As he sat silently with his eyes half closed, reporters paced the hall and made strident phone calls from the clerk's office. "Naw, nothing yet," he heard them bark. The pastor had to draw on deep reserves of Christian charity to love these children of God. They'd written against Elder Story from the beginning. The busiest was Catherine Warren, a small-boned young woman who churned out daily articles for the Casper
Star-Tribune.
Just a few days before, she'd asked the Nebels to escort her to Bible Church services so she could write a feature article. Everyone knew what she was looking for: "smuts and gunk," as Buttermore expressed it. "She thought we were a bunch of freakos." He'd hammered the Book of Numbers at her and didn't utter a word about the case.
At 7
p.m
. the jurors sent out a note that they intended to work late. Three hours later Big Horn deputies chauffeured them to a motel. Over two days they'd deliberated fifteen and a half hours. There were no hints that they were nearing agreement.

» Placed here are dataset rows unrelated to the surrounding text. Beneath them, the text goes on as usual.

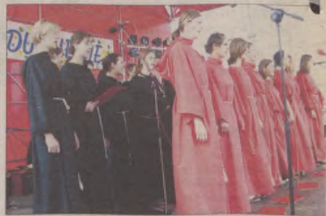
Ostatnim akordem festiwalu był występ chóru Juventus - w czasie pikniku parafialnego na Górkach.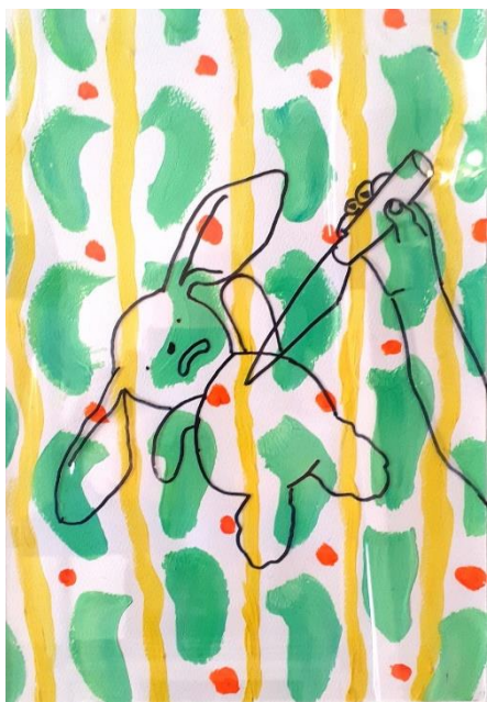
Kuva 9. Kiusattu 1. teoskuva (Laajo 2021)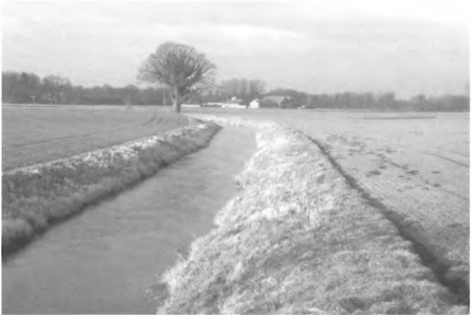
Abb. 1: Stark begradigter und ausgebauter Bachlauf am Eltingmühlenbach.

Im weiteren Flussverlauf sind das Bachbett und die Ufer des Eltingmühlenbaches bis auf wenige Ausnahmen befestigt und ausgebaut (Abb. 1). Einige Male passiert oder durchquert der Fluss kleinere Wälder oder einseitige Erlen- oder Pappel-Anpflanzungen. Die Landschaft ist durch Ackerbau, vorrangig Maisanbau, geprägt, und die Felder reichen fast an den Bachlauf heran. Eine Ausbildung von Uferröhrichten ist daher nur begrenzt und sehr kleinräumig möglich. Durch die über lange Strecken fehlende Be-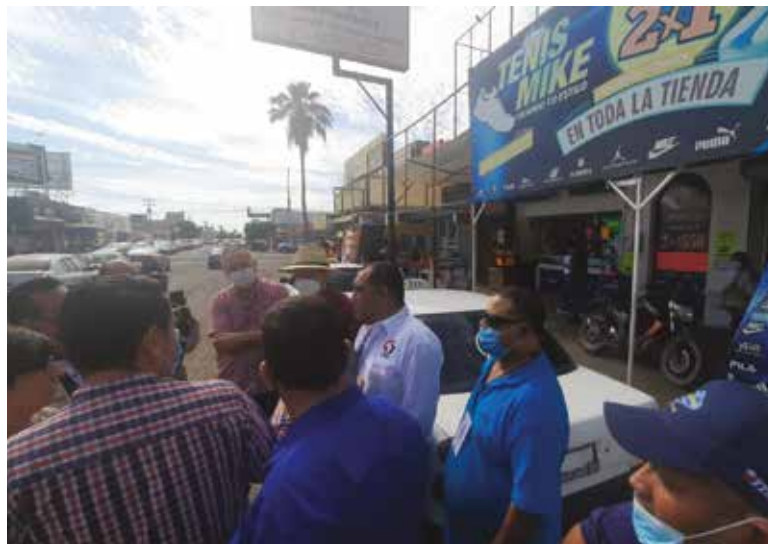
Se han detenido o infracciones a vehículos colectivos, aun cuando el acuerdo era que seguirían trabajando por la No Reección y Sinaloa.

"Hace escasos dos meses tuvimos una reunión en Seguridad Pública, con el Capitán Taragon y el coman-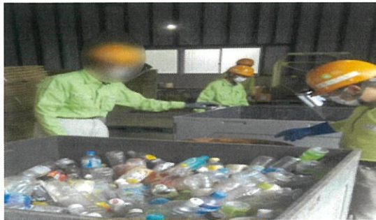
ペットボトル水抜き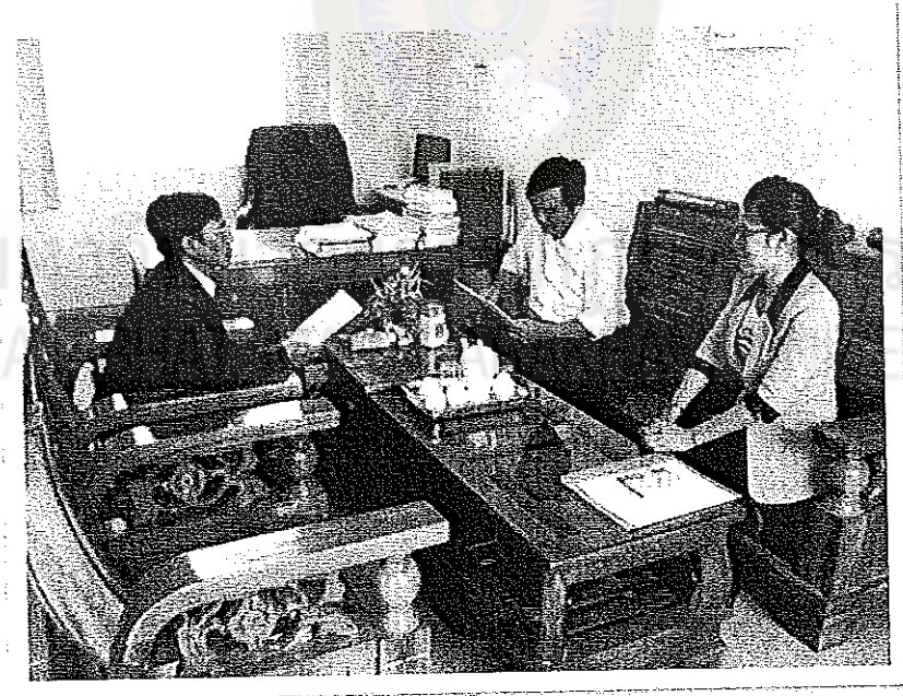
ภาพภาคผนวกที่ 2 บรรยากาศวันที่ไปแจกแบบสอบถาม ณ โรงเรียนมัธยม โซ่ 5 กว่าง ตรั๊ด (Trường THPT số 5 QuảngTrạch)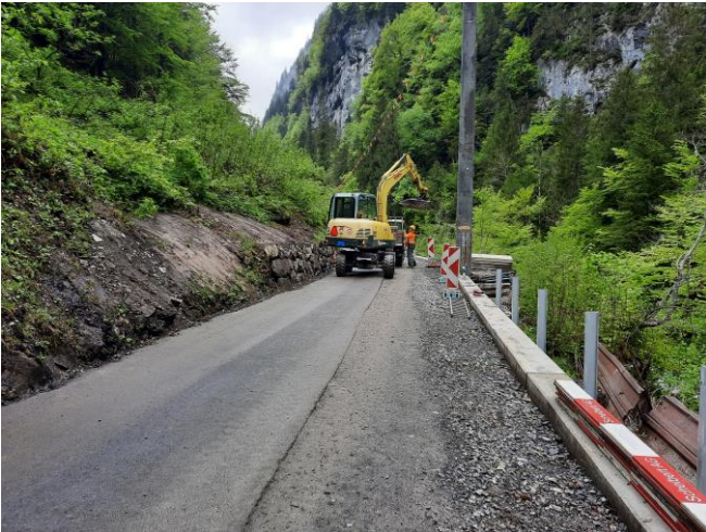
TS2: Leitschranke auf Randborde zwischen der Zwings- und Euschenbrücke laufend in Arbeit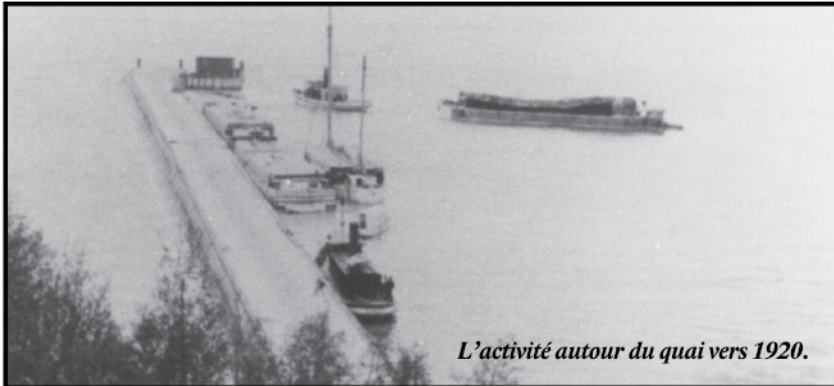
L'activité autour du quai vers 1920.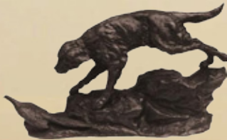
Hund und Fasan Art.-Nr. 152026 Höhe: 34 cm Gewicht: 10 kg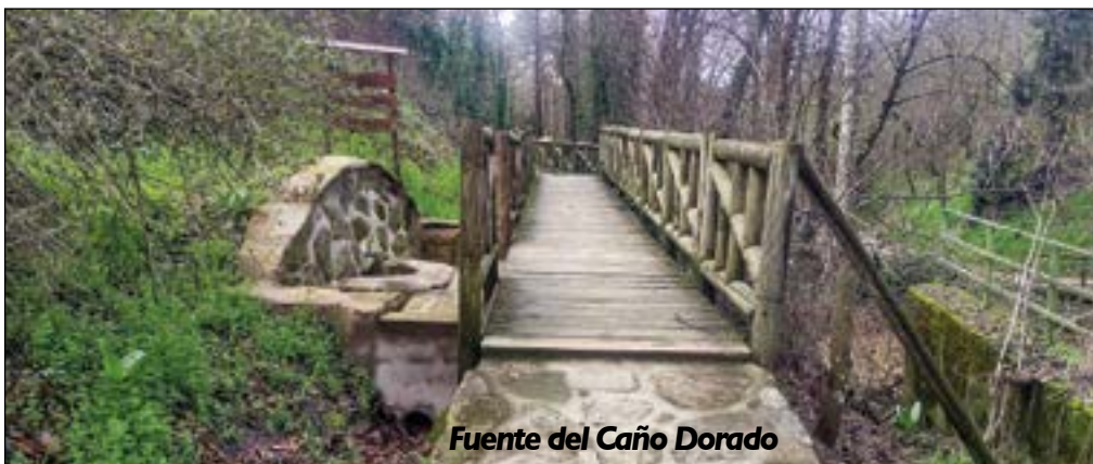
Fuente del Caño Dorado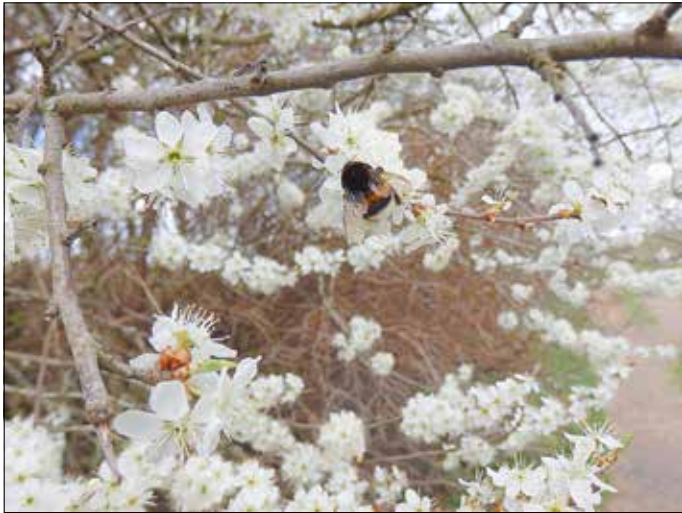
Hecken leisten einen wichtigen Beitrag zum Klimaschutz. Sie verhindern Bodenerosion, speichern Kohlendioxid und schaffen zugleich wertvolle Lebensräume für zahlreiche Tierarten. Besonders für Insekten stellen sie eine wichtige Nahrungsquelle dar.

klimaangepassten, biodiversitätsfördernden und ökologisch wertvollen Gestaltungs- und Erhaltungsmaßnahmen in Offenland-, Wald- und Gewässerbiotopen sowie in Siedlungsräumen und landwirtschaftlich genutzten Flächen. Öffentliche Veranstaltungen zur Information und Beteiligung der Bevölkerung sind geplant und werden rechtzeitig angekündigt. Kontakt: Susanne Ziemer, Landschaftspflegeverband Sächsische Schweiz-Osterzgebirge e.V., Tel: 03504-629669, E-Mail: ziemer@lpv-osterzgebirge.de .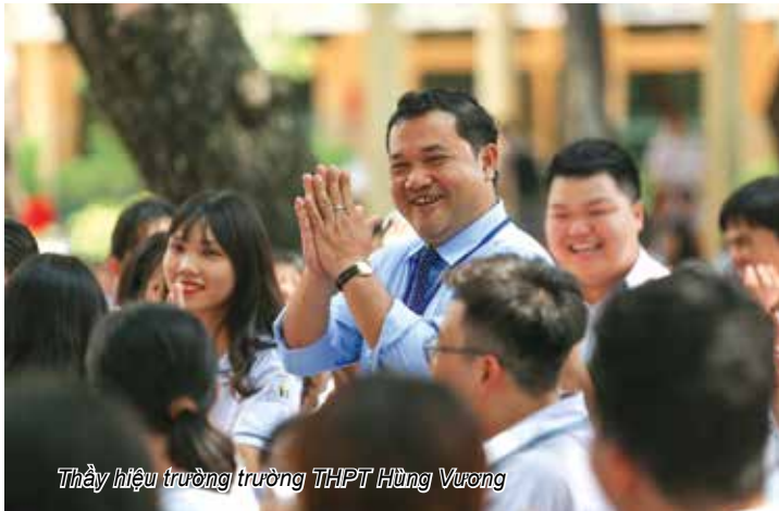
Thầy hiệu trưởng trường THPT Hùng Vương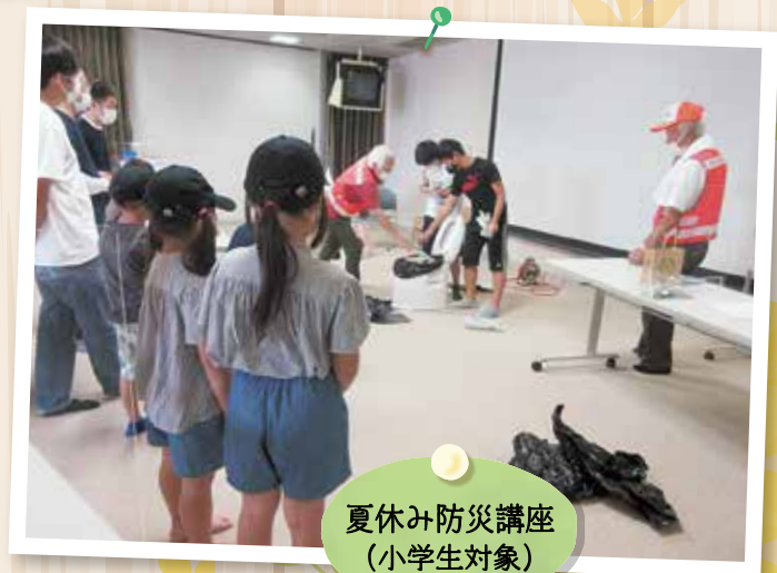
夏休み防災講座 (小学生対象)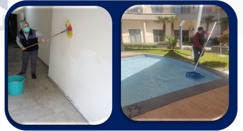
Yük taşıma alanının duvarları ve zemini detaylı temizlendi. Havuz içindeki çöpler alındı.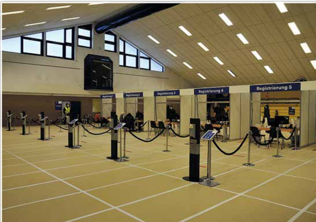
Die Ersten, die eine Impfung erhalten, bei der Registrierung. Ohne Termin hat man jedoch keine Chance auf eine Impfung.

i. A. Sonja Dirauf Amt Pressearbeit, Verwaltungs- und KommunalService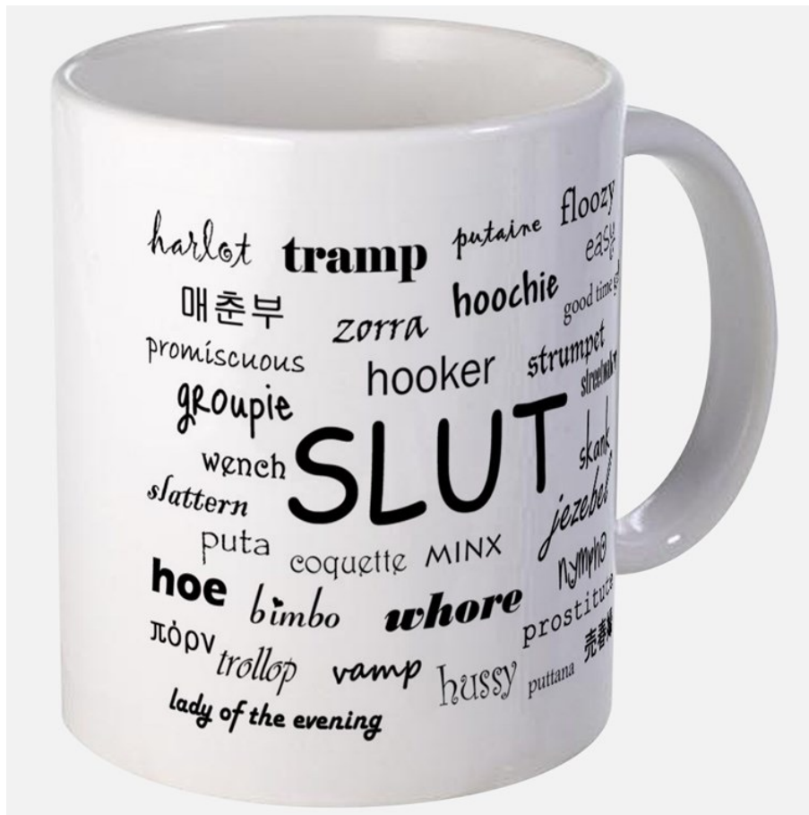
Illustration 10 : Slut mug , en vente sur le site Cafe Press

Before he went to bed, Terry Tharp drank some tea and tried to stay calm, but he kept remembering Henry Two Crows, a hulking Sioux who'd been charged with beating a hobo to death in Greybull. Tharp's fifth grade class had made a field trip to Basin to watch the trial, and he could still recall how impressed he'd been by the court-appointed defense attorney, Jim Sperry. But right now he wished he could get that old case out of his mind. Henry Two Crows had been acquitted.
On Thursday, the third day of deliberations, Rex and Cheri Nebel waited all day by the phone. At 6
p.m
. it rang. "They've got a verdict," Marilyn told them in a quivering voice. She asked them to phone the others.
Soon a seventeen-car caravan was moving south toward Basin, with Doc in the lead in his old Chrysler sedan. Jan Hillman followed in her green two-door Thunderbird, with Rex sitting in front and his wife in back.
Cheri had forebodings. "It's no good, guys," she said as they drove past the entrance to the gypsum plant. "They're gonna find him guilty."
Rex told her to cool it. Jan said there wasn't a chance of conviction—the jury would have returned the acquittal three days ago but it wanted to look conscientious. At worst there would be a mistrial, in which case they would troop back to court and do it over again.
Doc drove at a funeral pace, even on the five-mile stretch of arrow-straight road across the desert floor. The orange ball of the sun touched the tips of the Rockies as they crossed the Greybull River and continued south toward Basin. "This isn't gonna be good," Cheri repeated. "I've got a feeling of impending doom."
Rex said, "The only problem we'll have is getting him home alive." He'd stashed two loaded .44s in Jan's glove box but didn't intend to take them inside the courtroom. He'd gone armed ever since a male voice had threatened Cheri on the phone. Other callers had promised to rape Dr. Wrung's daughter after he testified. The hotheads were everywhere.